Let s1 and s2 are 2 arbitrary strings with lengths l1 and l2.

Levenshtein distance $lev(A, B)$ between strings $A$ and $B$ is a minimal number of insert, delete and replace that is required to perform on string A to become string B. Inserting, deleting and replacing is allowed to perform at any point of the strings (not just at the beginning or end).

Let's define a matrix $M$ with size $l1 \times l2$ such that: $$M[i][j] = lev(s1[0..i], s2[0..j])$$ s1[0..i] is a substring of s1 staring index 0 (inclusive) ending index i (exclusive).

s2[0..j] is a substring of s2 staring index 0 (inclusive) ending index j (exclusive).
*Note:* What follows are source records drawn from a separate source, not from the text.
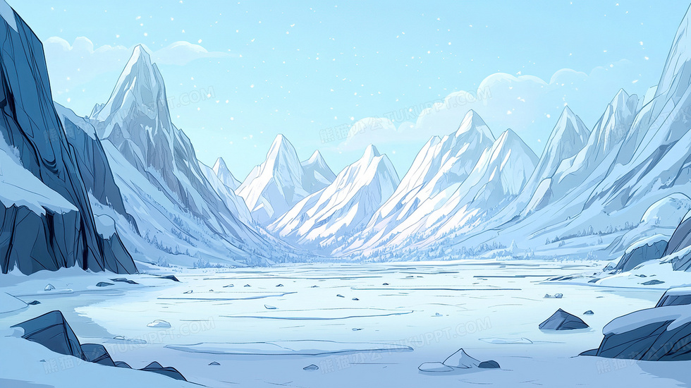 本作品内容为卡通风极寒地区的山川插画, 格式为 jpg, 大小3 MB, 图片尺寸为2912 x 1632, 源文件无水印, 欢迎使用熊猫办公。 如认为平台内容涉嫌侵权,可通过邮件:tousu@tukuppt.com提出书面通知,我们将及时处理。
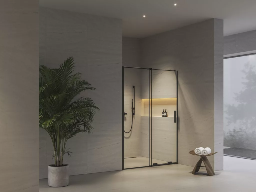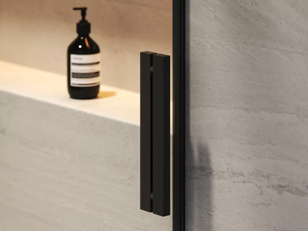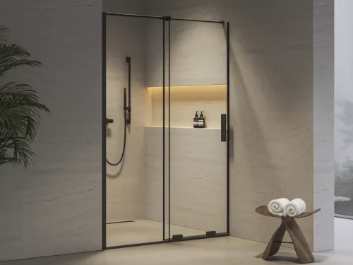 Kétrészes Roll zuhanyajtó fekete kivitelben, Ravak AntiCalc® védőréteggel ellátott, átlátszó üveg betéttel. Toló rendszerű nyitás. Megfordítható kivitel, bal- és jobbos változatban is beépíthető.
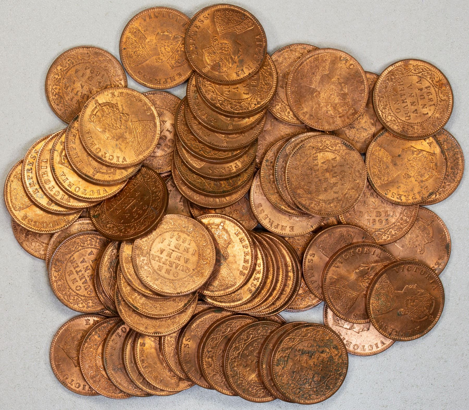 BRITISH INDIA: Victoria, Empress, 1876-1901, LOT of 72 coins, large accumulation of AE 1/4 anna coins dated 1894 from the Calcutta mint KM-486 type, all with red luster, AU-UNC quality, retail value $1800, lot of 72 coins.
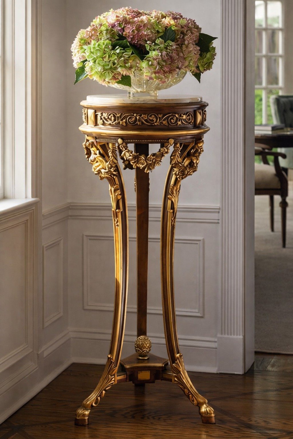 The Regal Gilded Pedestal Table is a statement of classic luxury and artisanal craftsmanship. Meticulously detailed with ornate gold-finished carvings, its slender sculpted legs and decorative motifs reflect the grandeur of European palatial design.
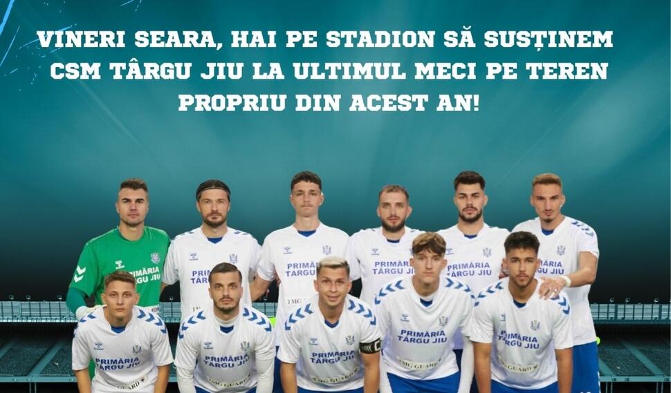 CSM Târgu Jiu va disputa vineri, 5 decembrie, ultimul meci pe teren propriu din acest an. Echipa lui Mario Găman primește vizita grupării Jiul Petroșani. Partida contează pentru etapa a 16-a din Seria a 6-a din Liga 3. Meciul de vineri va începe la ora 17.00, iar suporterii echipei sunt așteptați în număr cât mai mare la stadion pentru a susține echipa. ”Am încredere că lumea va veni la stadion, chiar dacă timpul nu este în favoarea noastră, pentru că avem mare nevoie. Sper să ne susțină, iar noi trebuie să fim concentrați pe tot parcursul jocului și să reușim trei puncte de care avem mare nevoie”, a prefațat confruntarea de vineri, antrenorul Mario Găman, care a făcut un apel către suporterii echipei să vină la meci.
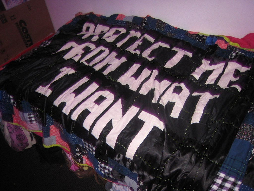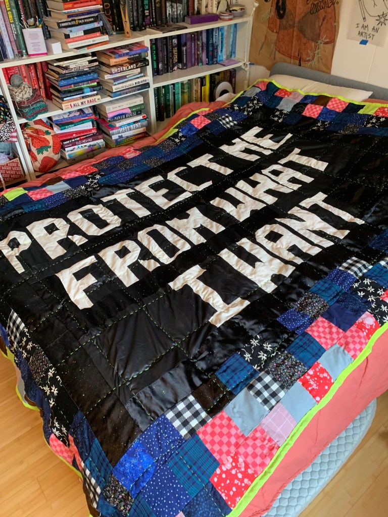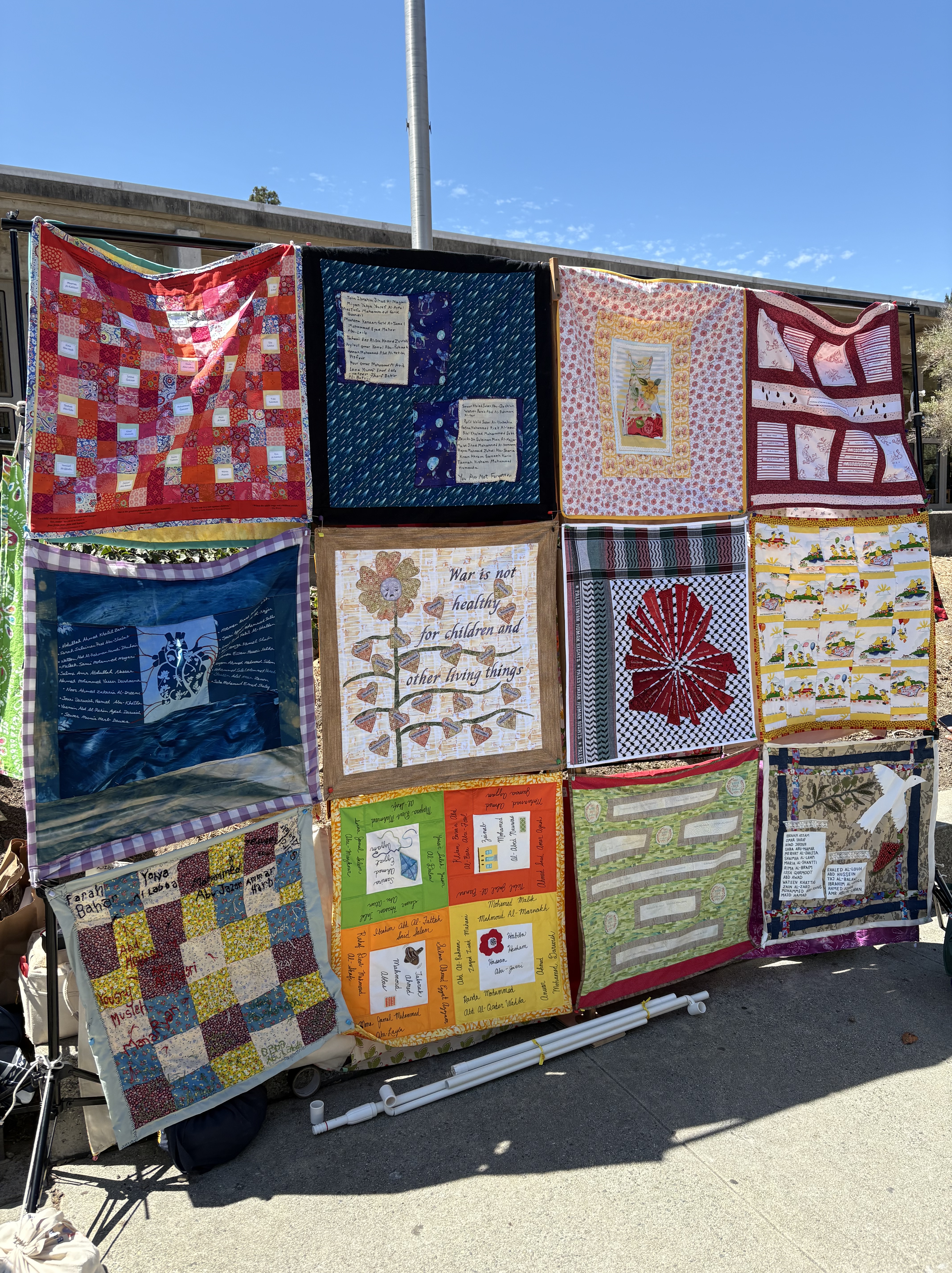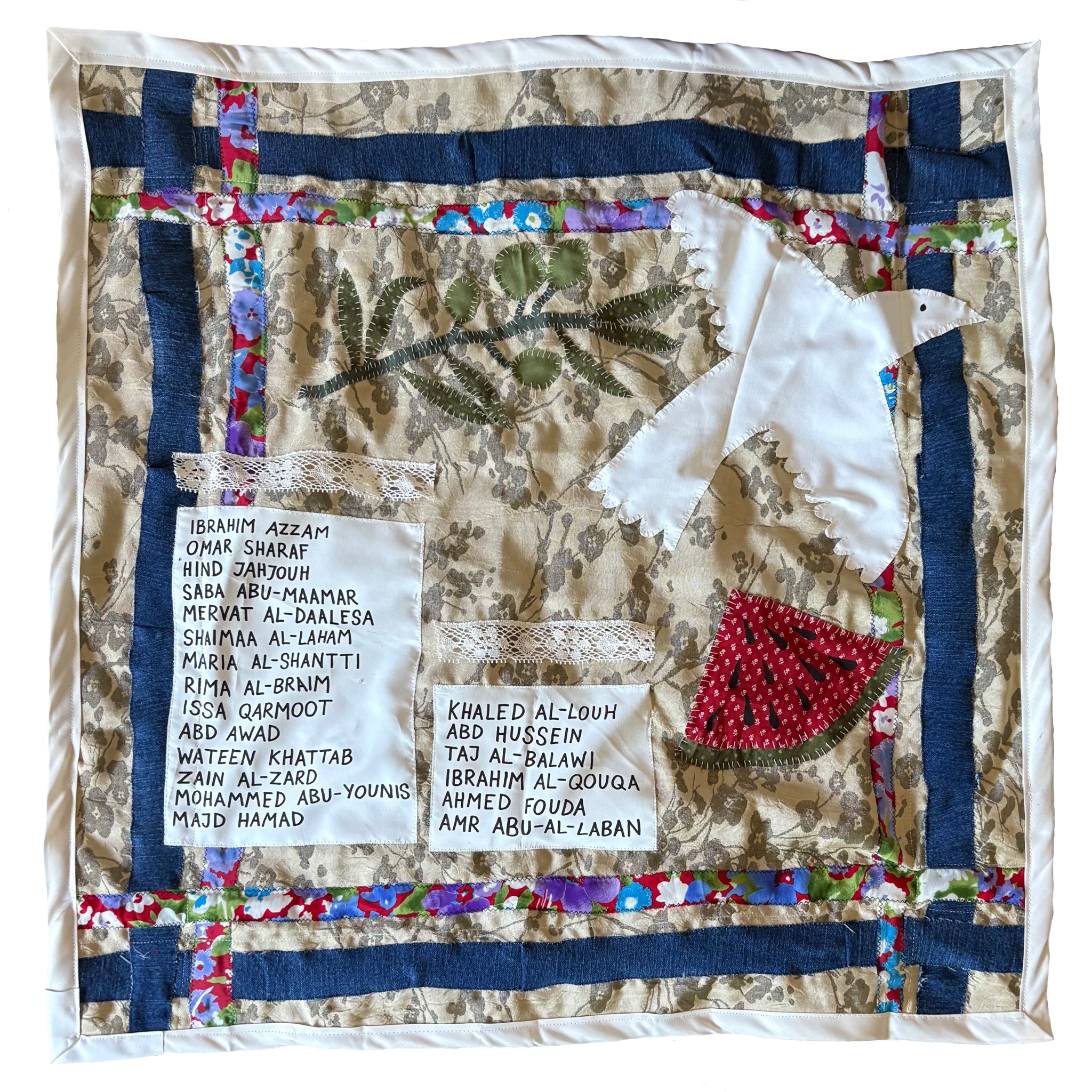 30″x30″ hand quilted baby quilt with the names of 20 infants killed in Palestine by Israeli occupying forces. 36 quilts made by other local artists were joined together to memorialize the loss of the current genocide of the Palestinian people, and to raise awareness and funds for Gazan families.
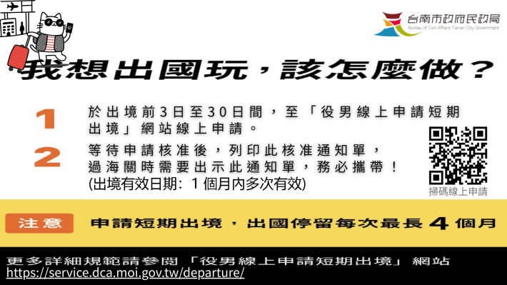 內政部役政司已建置「役男短期出境線上申請系統」(https://service.dca.moi.gov.tw/departure/),受理役男短期出境之線上申請,欲出國之役男,請儘早於出國日前3至30天之內完成出境申請,經查核無管制情形者,將立即獲核准出境,於列印核准通知單後,自核准當日起1個月內(含核准出境有效日期的最後一天)可多次使用通關出境,出境最長不可超過4個月。
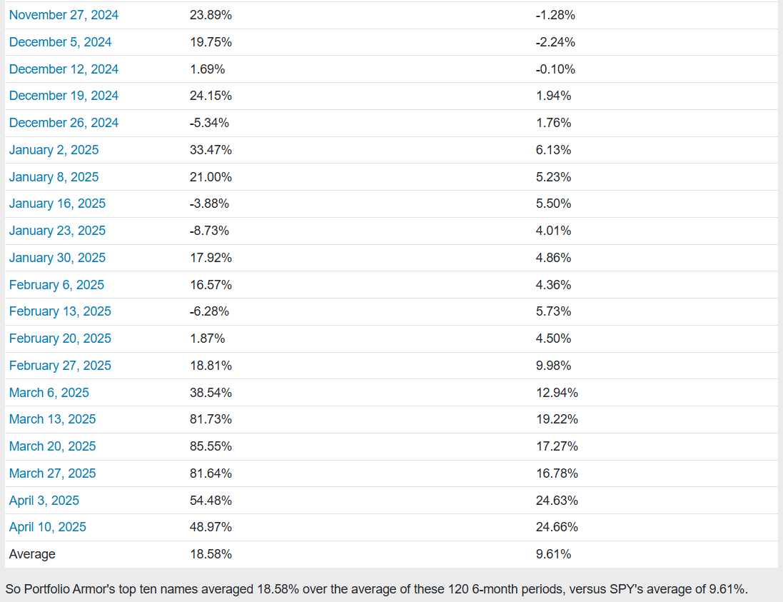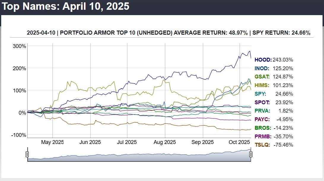 Before we get to this week’s top ten names, let’s look at the final, 6-month performance of our top ten names from 4/10/2025.
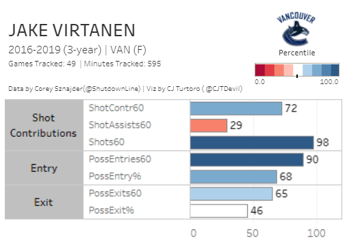 Virtanen has steadily improved his play-driving abilities. As the data from the All-Three-Zones project shows, he generates shots and can get the puck into the offensive zone at an elite rate.
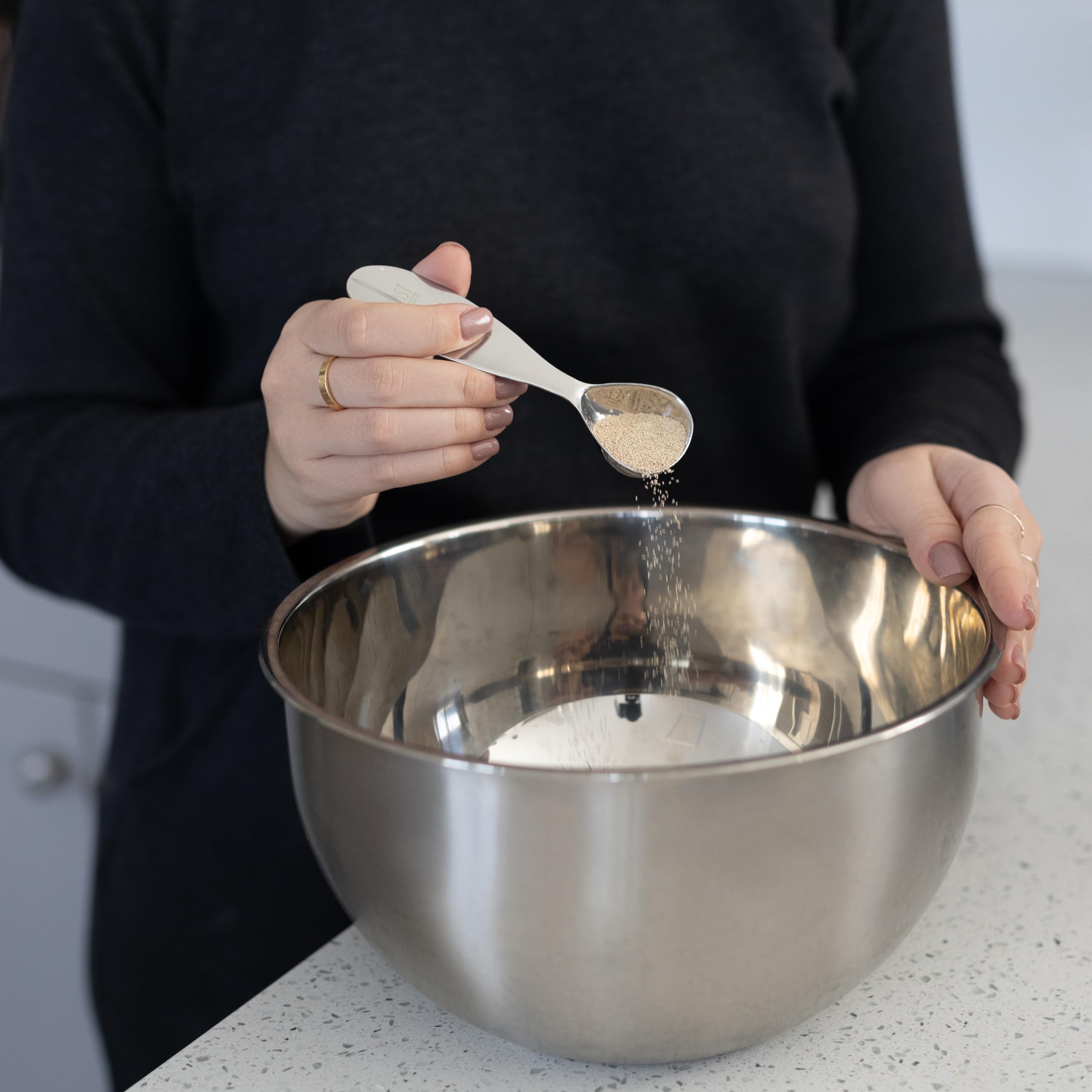 - PERFECT SIZE: This stainless steel yeast spoon measures 2.25 teaspoons (0.25 ounces), which is the same amount in a packet of active dry yeast. No need to use multiple spoons or to make any guesses as this measuring spoon does it right every time!
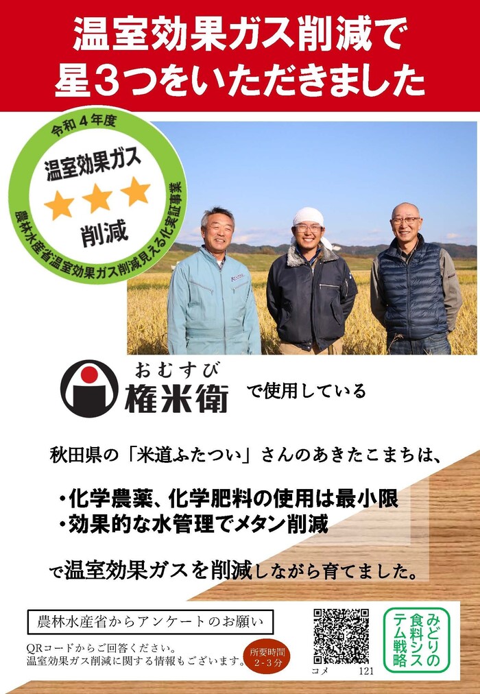 農林水産省が進める、温室効果ガス削減の「見える化」ラベル 星3つ獲得【米道ふたつい】(秋田県能代市)
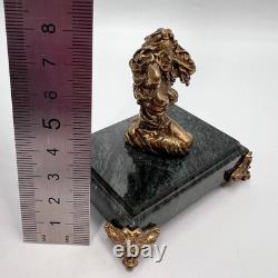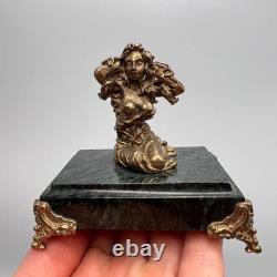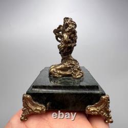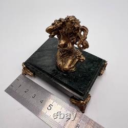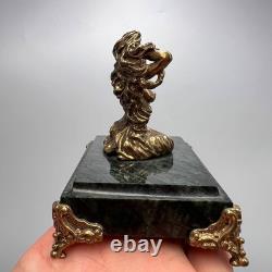 Gracefully kneeling, this sculpture rests on a polished green marble base, adorned with decorative bronze feet, merging mysticism, craftsmanship, and classical symbolism. Materials: Solid bronze on polished marble base. Total height: 7.5 cm. Base dimensions: 8 × 6 cm. Condition: Excellent vintage condition - no flaws, no restoration.Style: Classic & esoteric - ideal for mystical interiors, zodiac collectors, or personal altars. This piece symbolizes the pure and introspective energy of the Virgo sign. The graceful posture and flowing hair of the young woman reflect a deep connection to the earth, order, and balance. The green marble, associated with stability and nature, enhances the earthly essence of this zodiac sign.
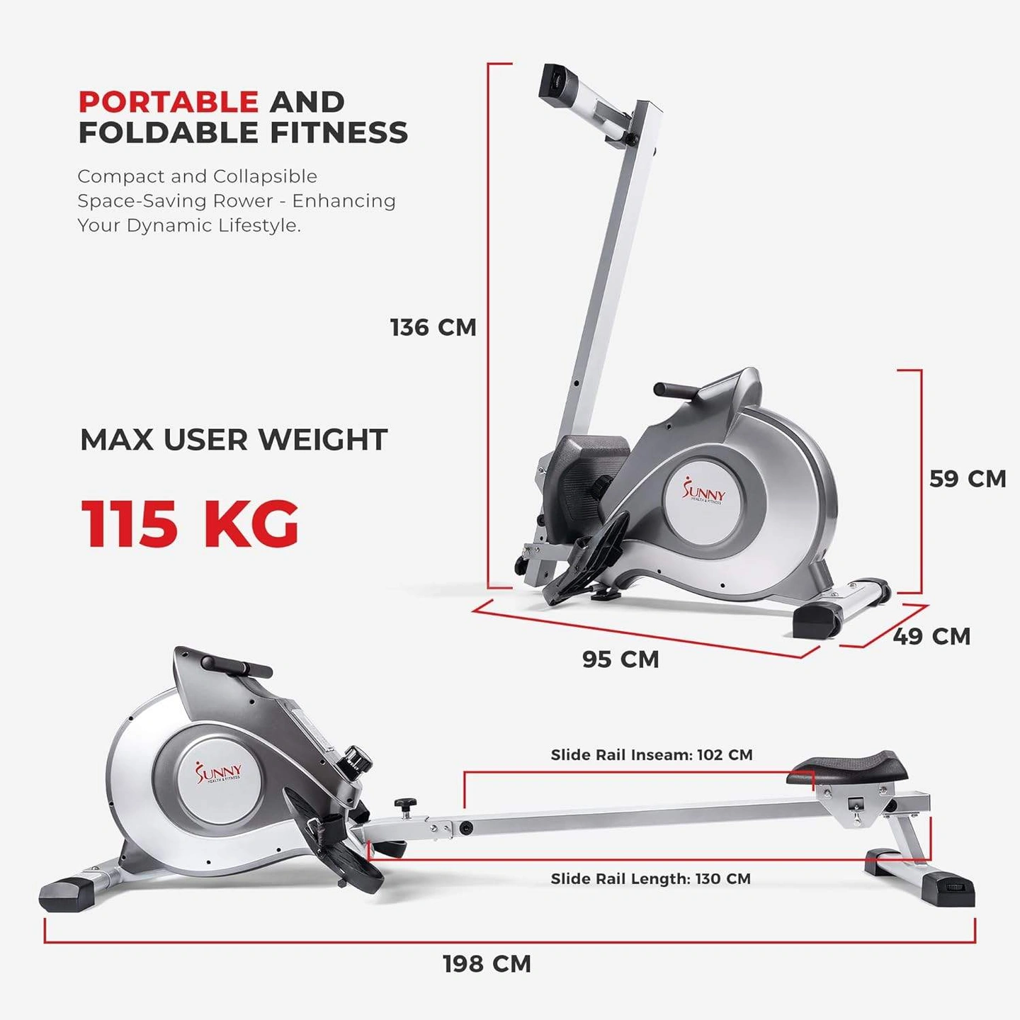 Sunny Health & Fitness Flip & Foldable Rowing Machine for Home w/Extended Slide Rail, Full-Body Workout, Low-Impact, Optional Extra Long Rail, Quiet

Prove that $$M[i][j] = \min (M[i-1][j-1] + 1, M[i - 1][j] + 1, M[i][j-1] + 1), s1[i] \ne s2[j]$$$$M[i][j] = M[i-1][j-1], s1[i] = s2[j]$$


This is in fact a proof of correctness of Wagner–Fischer algorithm to compute the Levenshtein distance using dynamic programming, but it's completely not obvious to me why this is correct.

My first thought was to go with induction performing the step, but in case, say $s1[i]=s2[j]$ how is it possible to prove that every alternative path would be at least $M[i−1][j−1]$ long.

The complicated thing about the problem is that a shortest path is definitely not unique.